ガソリン代・光熱費・食材費・感染症対策の物品など、コスト高の影響を大いに受ける通所系サービス。たったこれだけの報酬増でそのコストの増加分を吸収できるかと言ったら、絶対に無理です。工夫してどうにかなるコストではないだけにこれもかなり厳しい改定と言えます。
通常規模型のみ掲載しましたが、大規模型も同様に微増となっています。
ちなみに、研修が義務化された入浴介助加算ですが、単位数はこれまでと変わりません。要件が増えたのに報酬が変わらないというのはどうなんでしょうか。
地域密着型通所介護
地域密着型通所介護は小規模のデイサービスです。地域密着型通所介護は以下のように改定されました。

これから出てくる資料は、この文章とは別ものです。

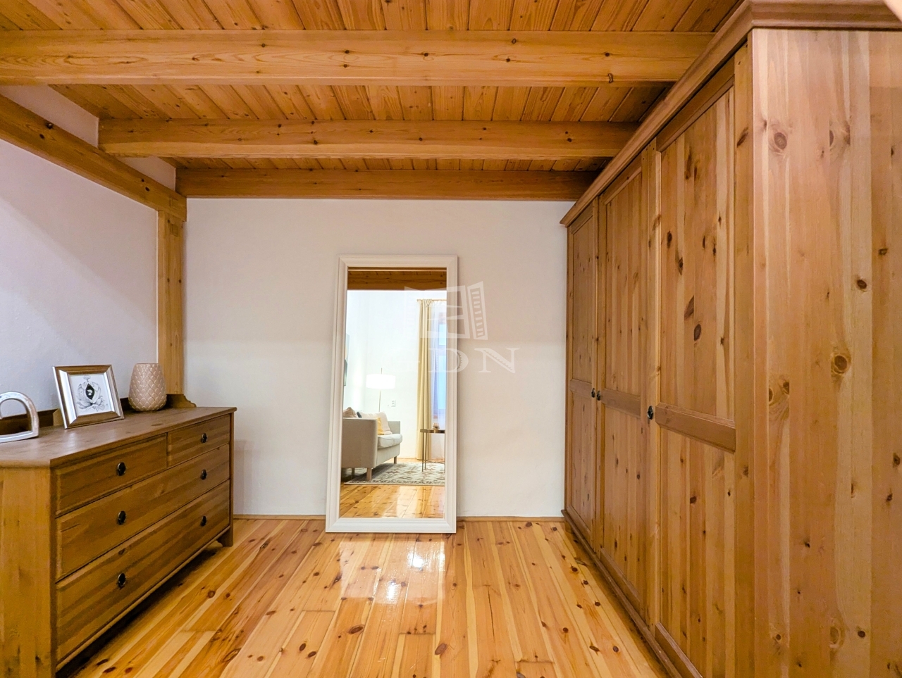 • Burkolatok: lakkozott fenyő hajópadló a szobában, modern járólap a vizes helyiségekben
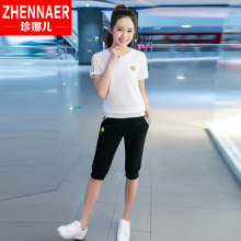 运动服套装女夏季初中高中学生韩版宽松短袖七分裤跑步休闲两件套

地域密着型通所介護 7時間以上8時間未満 | 改定前 | 改定後 | 増減 |
要介護1 | 750単位 | 753単位 | +3単位 |
要介護2 | 887単位 | 890単位 | +3単位 |
要介護3 | 1028単位 | 1032単位 | +4単位 |
要介護4 | 1168単位 | 1172単位 | +4単位 |
要介護5 | 1308単位 | 1312単位 | +5単位 |
地域密着型通所介護も通所介護同様、微増にとどまりました。同様にコストだがによる経営的なダメージを吸収することは難しいかもしれません。
まとめ
まだ詳しく見ているわけではありませんので続報はこちらからも発信していきます。
賃上げに関しては処遇改善加算が引き上げられました。すごい増えたように見えます。
ただ、よく見てみると、
処遇改善(Ⅰ)+特定処遇改善(Ⅰ)+ベースアップ=22.4%を
まとめて
介護職員処遇改善加算(Ⅰ)=24.5%
になっただけですので、2.1%増えただけです。それほど大きなインパクトには思えないように感じます。本当に6000円賃上げは実現するのか・・・。
処遇改善加算による料金変更について、こちらの記事が参考になるかと思います。
今回、メリハリをつけた報酬改定というよりも、物価高もあるためにちょっとだけ上げたよ、という改定イメージです。その中で、人手不足が深刻な訪問介護の報酬単価減はかなりインパクトの大きいものと感じます。在宅介護を支えるマンパワーが維持できるのか、心配ですね。